Wednesday, March 9, 2021

David Brooks' " New Humanism" and Collaborative Conflict Resolution

This week, David Brooks wrote eloquently in the New York Times about the enormous shift in understanding of our biological nature as human primates that is sweeping business, academic, and professional circles. The growing awareness that emotion and feelings drive our thinking, our choices, and every aspect of our behavior and consciousness , and that 18th century notions about the primacy of reason are simply wrong from a biological perspective, is changing how lawyers, doctors, CEO's, academic researchers-- and pretty much everyone who plugs in to what's alive at the growing edge of our culture --approach our work.

Brooks, who is on a book tour and speaks often about his take on these ideas, jokes that he is not a likely candidate as spokesman for the primacy of feeling in human affairs. He's writing about the neuroscience of the "new humanism" because finally no other approach could adequately explain for Brooks the many enormous economic and public policy failures that he now sees as growing out of an overly simplistic view of human nature.

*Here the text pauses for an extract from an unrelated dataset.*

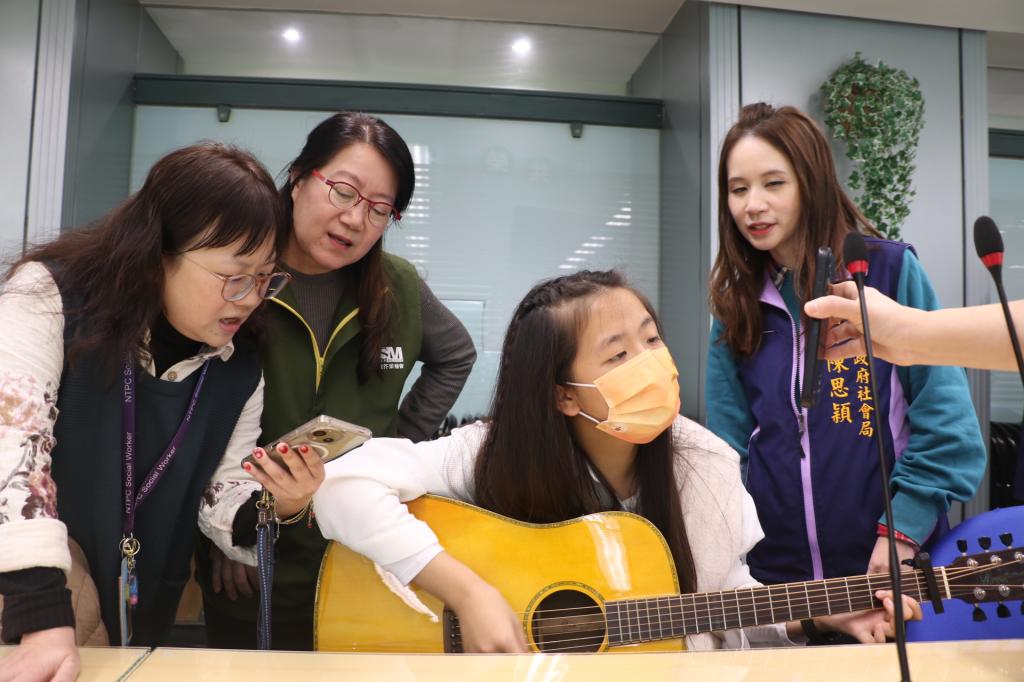 圖說:小亭自彈自唱五月天的「知足」和「突然好想你」,希望藉由歌聲表達對所有幫助過的人的感謝。左2為安置機構院長蘇鈺惠。

We in the collaborative community are at the creative growth edge in applying these ideas to the work of conflict resolution. On the day that many of my colleagues were reading Brooks' op-ed piece this week, I happened to be presenting a workshop on "Practical Neuro-Resolution" to my Marin County practice group which echoed Brooks' basic themes and presented some ways of organizing the explosion of new information about the neuroscience of human conflict in a "theory to practice" mode.

I believe that integrated interdisciplinary collaborative team practice at its best creates the kind of trust-based and relationship-based small group that we are wired for as human primates. When we work together in a team with a couple or family that is experiencing the collapse and restructuring of a biologically vital network of connections, we are mobilizing and taking advantage of our evolutionary endowment, rather than working in opposition to our biological wiring by pretending that the issues which cause our clients grief are entirely rational in nature and that they involve solely a clash of opposed individual rights and entitlements.

Integrating understandings from the evolutionary neurosciences with trainings in high potential team practice is, to my way of thinking, the next big leap that the collaborative community will take. I'm excited to be working on this exciting intellectual challenge.